* WHAT TO WORK ON
For this exercise, write out only the lines of the entries below from the one with "Cumulative probability of: (a)" up to and including the one with "說到雪紡材質洋裝,很多人都會", exactly as they are. Pictures stay out.

* RECORD SET
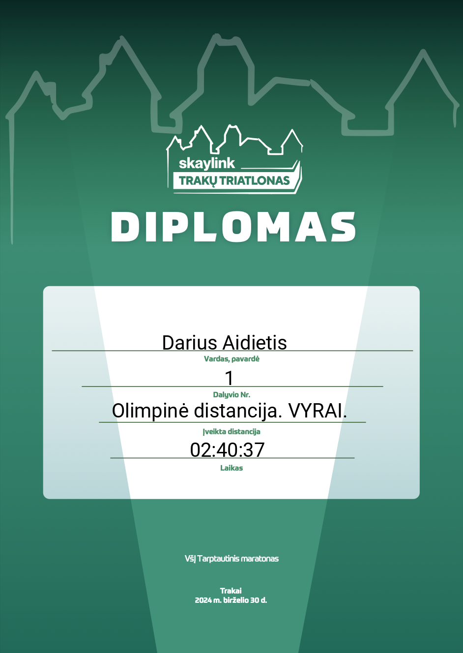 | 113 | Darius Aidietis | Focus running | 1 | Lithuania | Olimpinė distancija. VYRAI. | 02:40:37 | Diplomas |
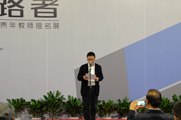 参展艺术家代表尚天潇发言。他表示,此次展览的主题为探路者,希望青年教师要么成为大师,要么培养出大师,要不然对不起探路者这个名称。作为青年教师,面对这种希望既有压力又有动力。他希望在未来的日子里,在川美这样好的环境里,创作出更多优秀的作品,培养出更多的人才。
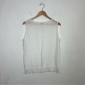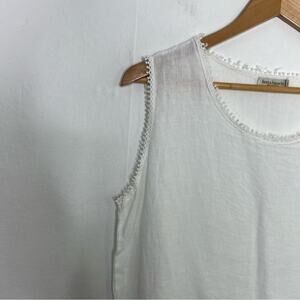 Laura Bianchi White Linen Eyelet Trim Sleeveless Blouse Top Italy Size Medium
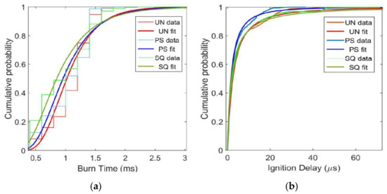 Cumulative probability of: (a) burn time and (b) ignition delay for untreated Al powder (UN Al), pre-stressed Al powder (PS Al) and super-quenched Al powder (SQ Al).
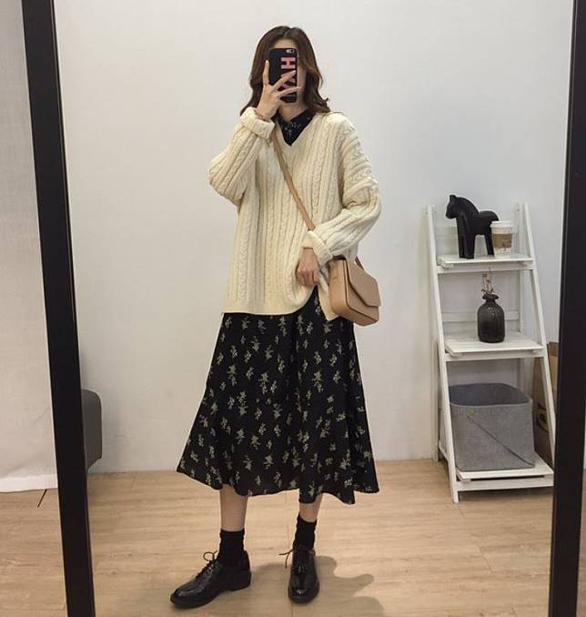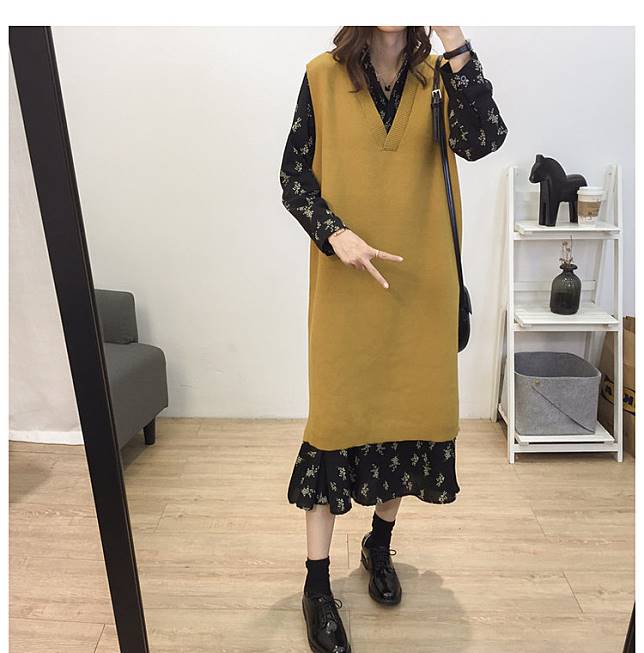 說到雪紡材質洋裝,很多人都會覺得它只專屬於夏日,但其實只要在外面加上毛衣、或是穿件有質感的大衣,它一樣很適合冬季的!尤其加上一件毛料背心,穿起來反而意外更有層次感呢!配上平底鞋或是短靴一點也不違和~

---

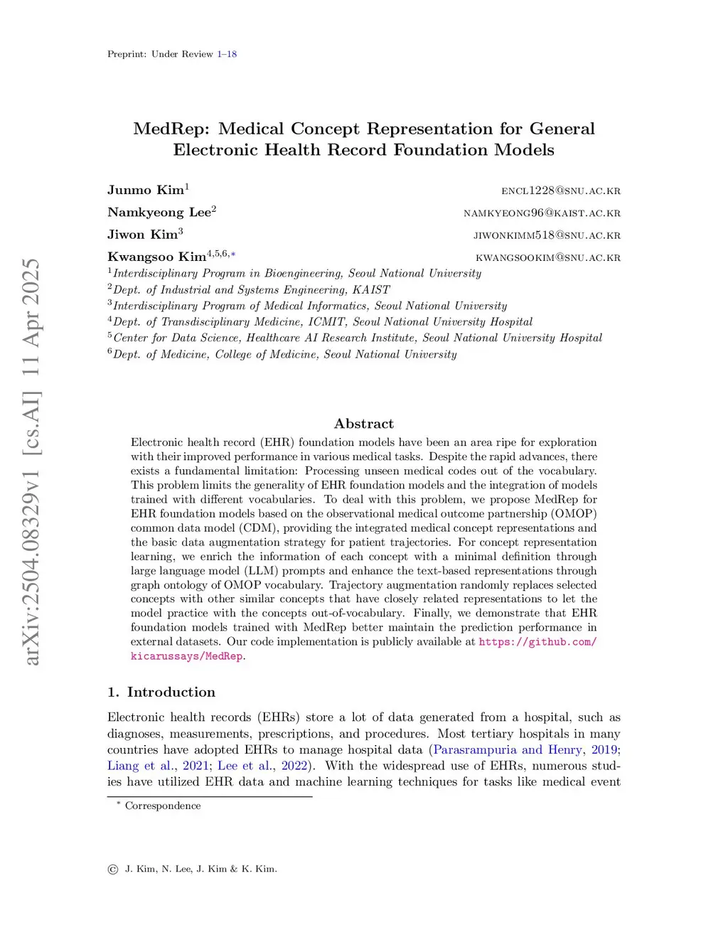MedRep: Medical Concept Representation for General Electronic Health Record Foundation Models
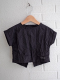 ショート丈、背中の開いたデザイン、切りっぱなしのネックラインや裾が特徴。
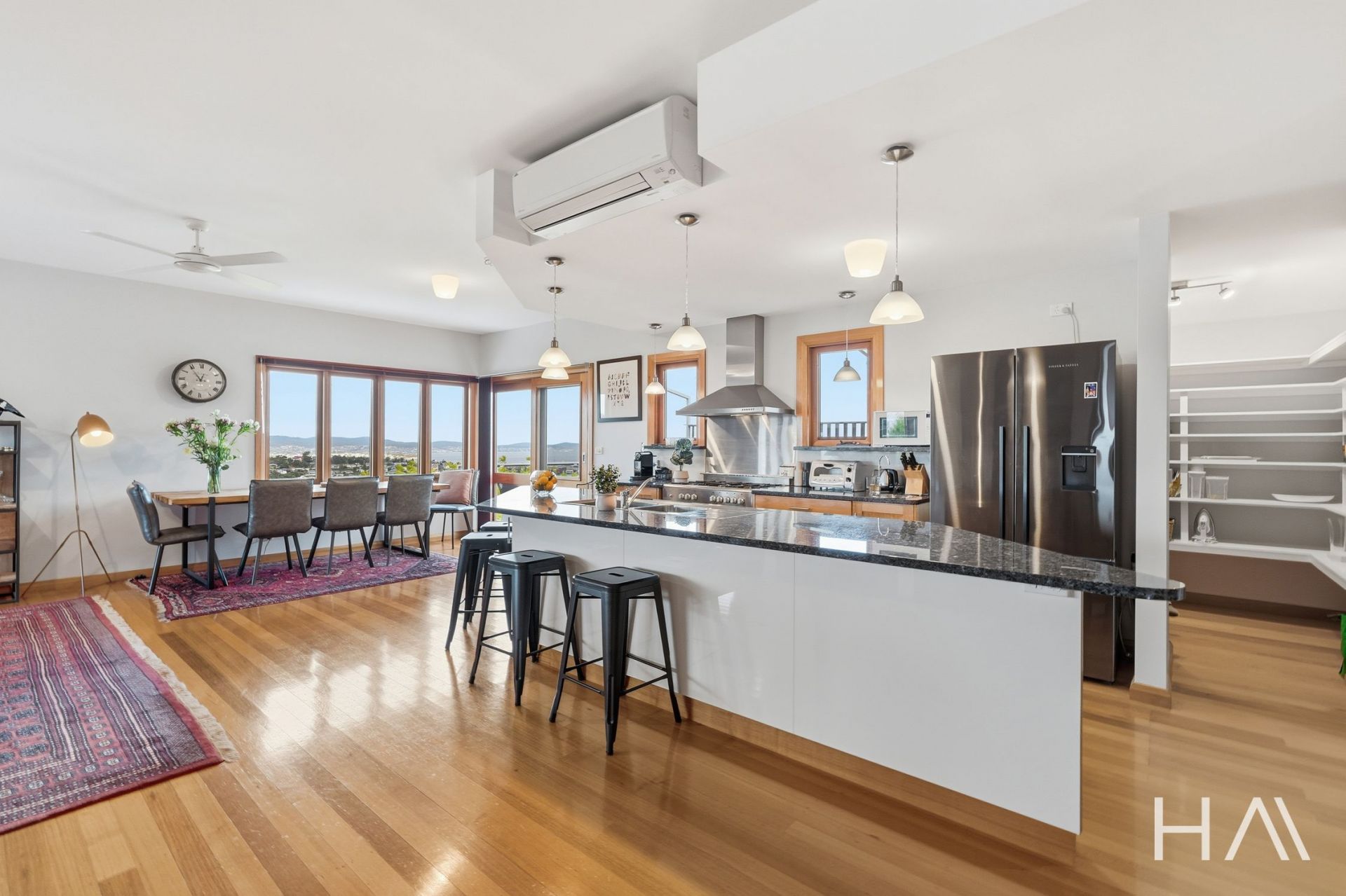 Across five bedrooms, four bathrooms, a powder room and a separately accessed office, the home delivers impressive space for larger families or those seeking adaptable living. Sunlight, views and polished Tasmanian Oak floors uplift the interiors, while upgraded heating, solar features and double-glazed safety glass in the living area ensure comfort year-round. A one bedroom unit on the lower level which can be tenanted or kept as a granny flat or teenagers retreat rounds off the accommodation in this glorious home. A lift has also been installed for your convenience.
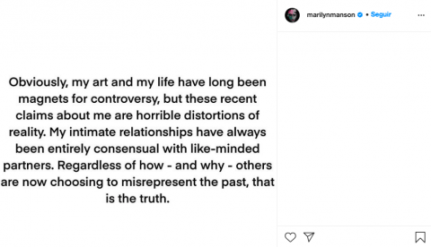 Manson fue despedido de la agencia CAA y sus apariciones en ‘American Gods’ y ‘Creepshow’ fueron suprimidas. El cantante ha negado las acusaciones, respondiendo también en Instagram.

...

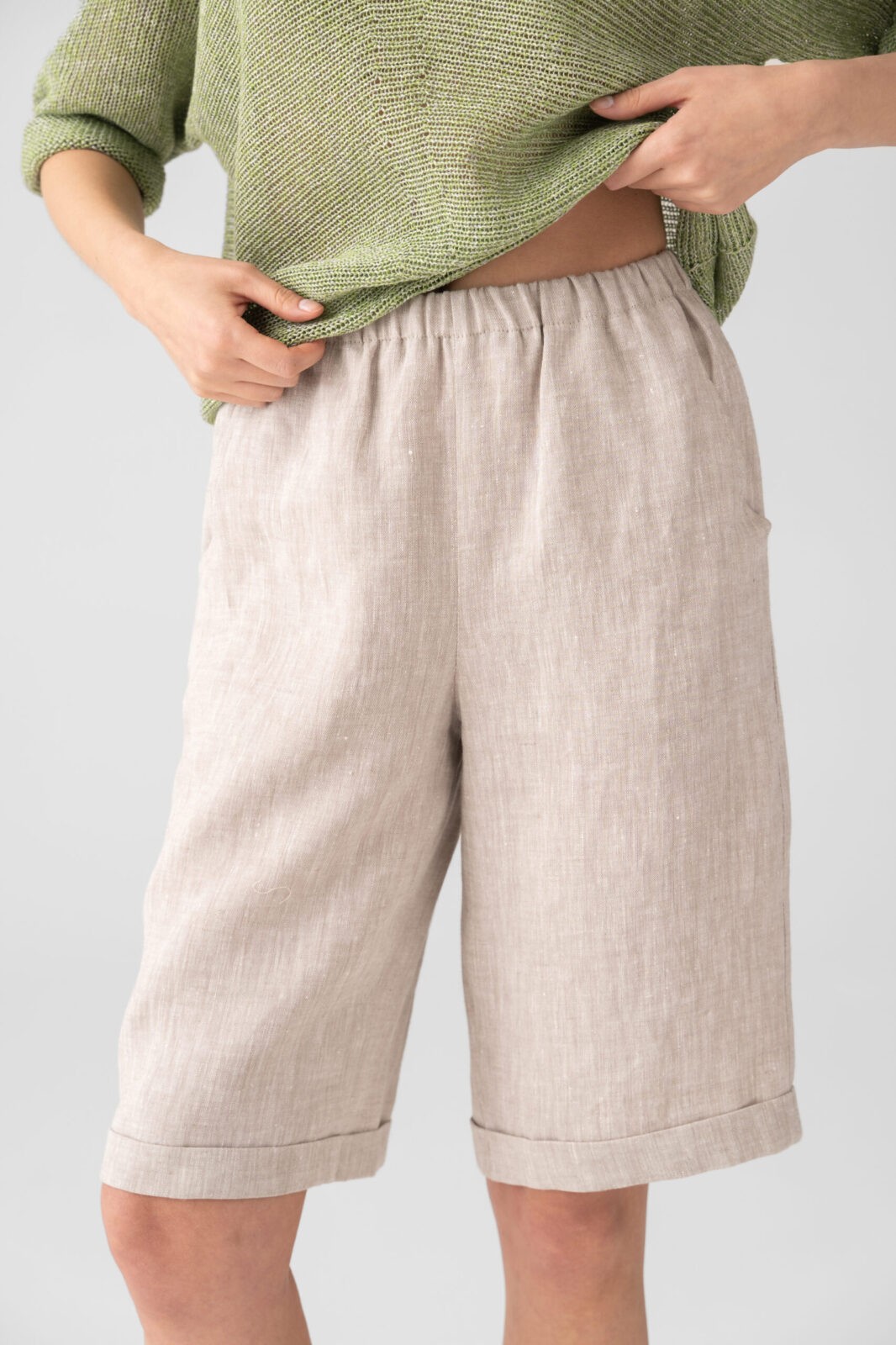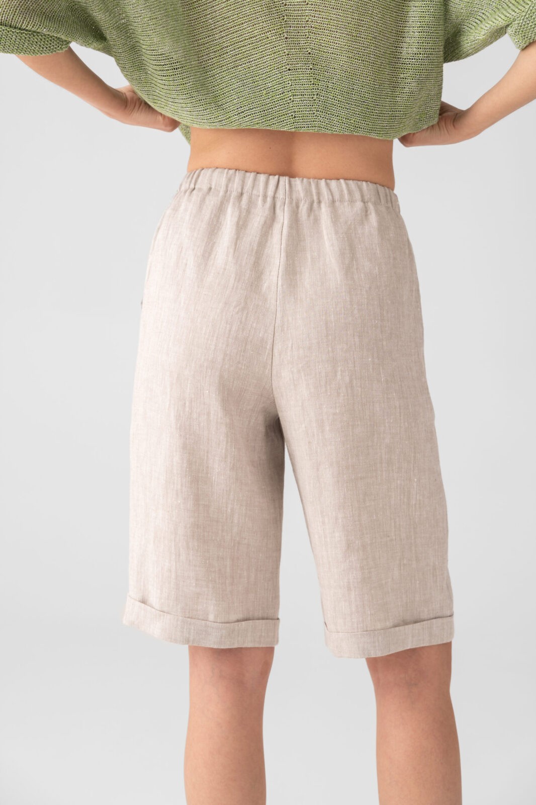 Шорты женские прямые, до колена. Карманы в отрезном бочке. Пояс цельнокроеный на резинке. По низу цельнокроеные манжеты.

* WRITTEN ANSWER
 Cumulative probability of: (a) burn time and (b) ignition delay for untreated Al powder (UN Al), pre-stressed Al powder (PS Al) and super-quenched Al powder (SQ Al).
 說到雪紡材質洋裝,很多人都會覺得它只專屬於夏日,但其實只要在外面加上毛衣、或是穿件有質感的大衣,它一樣很適合冬季的!尤其加上一件毛料背心,穿起來反而意外更有層次感呢!配上平底鞋或是短靴一點也不違和~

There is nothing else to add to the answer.